Google Cloud, Nvidia showcase joint AI plans

Nvidia’s dominance of the AI market thus far could run into challenges in the years ahead, and one of the challengers could be Google, as the company continues to develop custom processors for Google Cloud. That could have made things a little weird this week when the CEOs of Nvidia and Google Cloud met on stage at the Google Cloud Next event, but no tension was obvious, and in fact, the execs came together to announce an expansion of their ongoing partnership with generative AI in mind, along with further talk of how they already have begun to deepen their collaboration.

At the event, after being called to the stage by Google Cloud CEO Thomas Kurian, Nvidia co-founder and CEO Jensen Huang jogged out, shook hands with Kurian, and described the partners’ intentions as no less than a “reengineering of the entire stack, from the processors to the systems to the networks and all of the software, and all of this to accelerate AI and to create software and infrastructure for the world's AI researchers and developers.”

That proclamation comes almost a year after Huang said Google was among the companies getting its hands on Nvidia’s H100 Tensor Core GPU. In the months since, Google unveiled plans for its A3 supercomputer featuring H100 GPUs, and which the web giant said would be aimed at tackling the rising challenges posed by generative AI and large language model training. Along with announcing the expanded partnership this week, Google Cloud also marked the culmination of the past year of work by announcing that its new A3 instances powered by those Nvidia H100 GPUs will go into general availability next month, offering 3x faster training and significantly improved networking bandwidth compared to previous versions.

These announcements also came on the heels of Nvidia being named Google Cloud’s Generative AI Partner of the Year, which at this point probably should not come as a surprise.

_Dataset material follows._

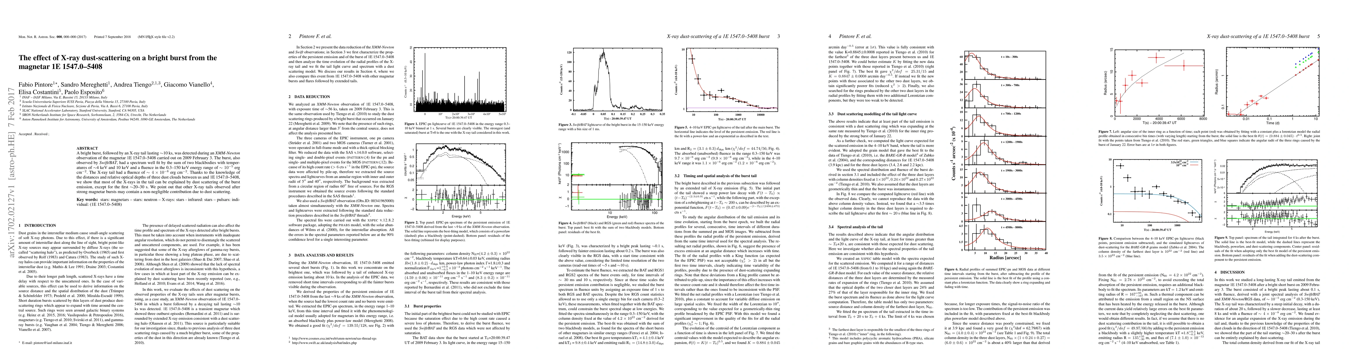 A bright burst, followed by an X-ray tail lasting ~10 ks, was detected during an XMM-Newton observation of the magnetar 1E 1547.0-5408 carried out on 2009 February 3. The burst, also observed by SWIFT/BAT, had a spectrum well fit by the sum of two blackbodies with temperatures of ~4 keV and 10 keV and a fluence in the 0.3-150 keV energy range of ~1e-5 erg/cm2. The X-ray tail had a fluence of ~4e-8 erg/cm2. Thanks to the knowledge of the distances and relative optical depths of three dust clouds between us and 1E 1547.0-5408, we show that most of the X-rays in the tail can be explained by dust scattering of the burst emission, except for the first ~20-30 s. We point out that other X-ray tails observed after strong magnetar bursts may contain a non-negligible contribution due to dust scattering.

Regarding the expanded joint work, Google officials said the company is using both H100 and A100 GPUs for internal research and inference in its DeepMind and other divisions, while Huang pointed to the deeper levels of collaboration that enabled Nvidia GPU acceleration for the PaxML Jax-based machine learning framework for creating massive LLMs. PaxML has been used by Google to build internal models, including DeepMind as well as research projects, and will continue to leverage Nvidia GPUs. The partners also announced that PaxML is available immediately on the NVIDIA NGC container registry.

Huang described the PaxML work as creating frameworks that allow Google Cloud and Nvidia “to push the frontiers of large language models distributed across giant infrastructures, so that we could save time for the AI researchers scale up to gigantic next generation models, save money, and save energy, and all of that requires cutting-edge computer science.”

In addition, the partners also announced at Google Cloud Next that:

  • Nvidia’s H100 GPUs will power Google Cloud’s Vertex AI platform. H100 GPUs are expected to be generally available on VertexAI in the coming weeks, enabling customers to quickly develop generative AI LLMs.

  • Google Cloud will be one of the first companies to gain access to Nvidia’s DGX GH200, the new AI supercomputing system that Nvidia has been talking up for most of the last three months, to explore its capabilities for generative AI workloads.

  • The Nvidia DGX Cloud, which the company announced at its Spring GTC event, is coming to Google Cloud, allowing AI supercomputing and software to be available to customers directly from their web browser to provide speed and scale for advanced training workloads.

  • Nvidia AI Enterprise software will be available on Google Cloud Marketplace.

  • Google Cloud is the first to offer Nvidia L4 GPUs, the products that Nvidia announced last March that are to be among its first GPUs aimed at AI inference tasks, as opposed to AI training, where the semiconductor giant’s early strength in AI has come from.

So, at a time when Google has been seen working on and investing in more of its own processors, like its Tensor Processing Unit (TPU), it appears intent on working even more closely–and not less, at least for now–with Nvidia. Kurian said, “For us at Google, it's a natural evolution of the AI market. Many people ask me, ‘What's the relationship between the TPU and GPUs? How do you think about that?’ Very simply put, as AI evolves, the needs of the hardware architecture and software stack evolve from training to inferencing, to new capabilities like embedding, and we want to offer customers the broadest, most optimized choices… We're actually offering 13 different types of accelerators in GCP. Secondly, we're also a platform company… at the heart of it, and we want to attract all those developers and customers who love Nvidia GPU technology or software to our platform.”